NDDs involve multifactorial dysfunctions—including oxidative stress, neuroinflammation, mitochondrial impairment, and protein aggregation—against a backdrop of limited endogenous neuroprotection. Dietary bioactive compounds offer complementary neuroprotective strategies by enhancing antioxidant defenses, modulating inflammatory and apoptotic pathways, improving mitochondrial function, and facilitating protein clearance. Preclinical evidence supports benefits of phenolics, carotenoids, essential oils, ω-3 PUFAs, phytosterols, and tocopherols in mitigating AD, PD, ALS, and HD pathologies. Early synergistic data from combined bioactive interventions further suggest additive benefits. Future work should clarify molecular mechanisms, improve delivery and bioavailability (including brain-targeted systems), and expand well-designed clinical trials to translate these bioactives into safe, effective neuromedicines.

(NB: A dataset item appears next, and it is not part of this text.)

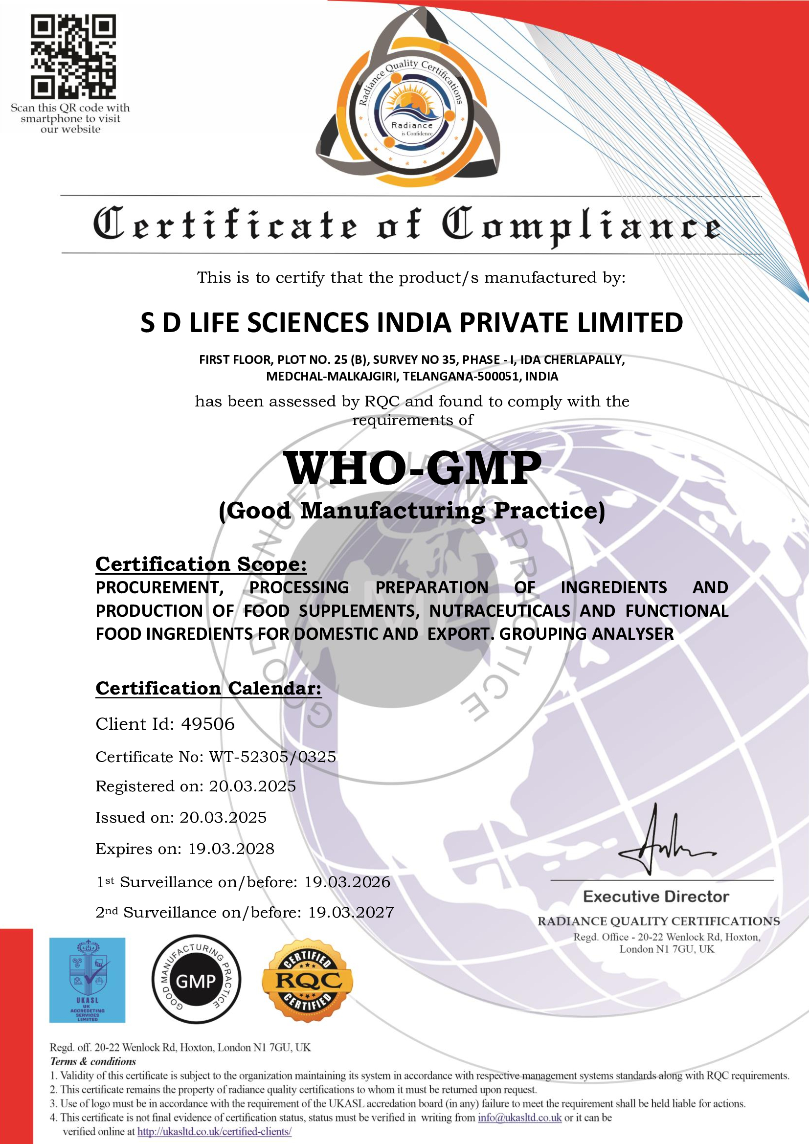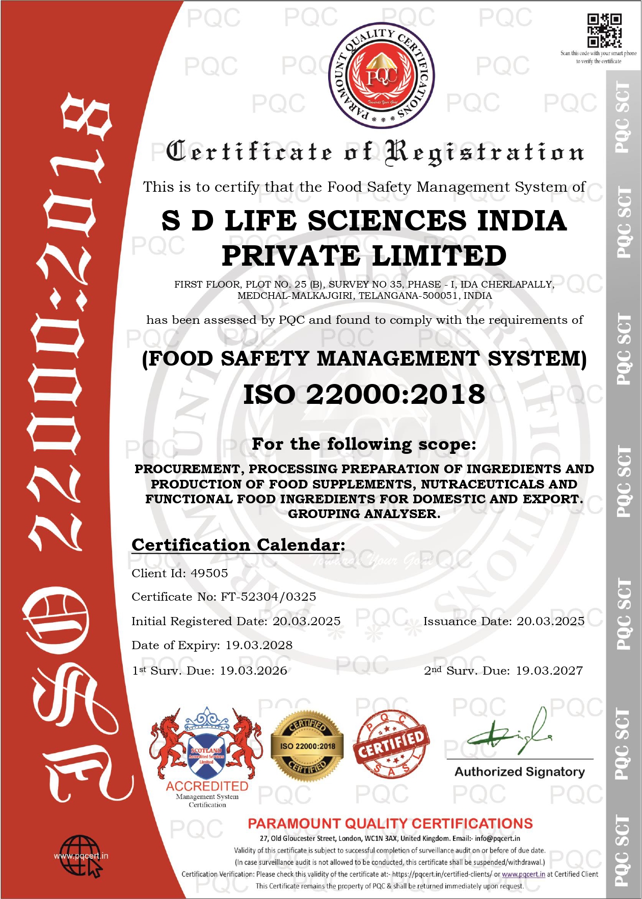 Certified for ISO 22000:2018 Food Safety Management System, covering procurement, processing, preparation of ingredients, and production of nutraceuticals, food supplements, and functional food ingredients for domestic and export markets. Certification ensures strict adherence to global food safety and quality standards.

- The article is a narrative Review; no standardized systematic search or meta-analytic synthesis is presented. - Evidence base is dominated by in vitro and animal studies; human clinical data are scarce and heterogeneous. - Dosing, formulation, and bioavailability (BBB penetration) vary widely and are not standardized; many compounds face pharmacokinetic limitations. - Potential confounders (dietary patterns, comorbidities, genetics such as APOE status) limit generalizability of observational associations. - The Review explicitly excludes chemotherapy and cancer-related effects of bioactives; it does not provide detailed risk/benefit or safety analyses for long-term use. - Publication bias toward positive findings cannot be excluded.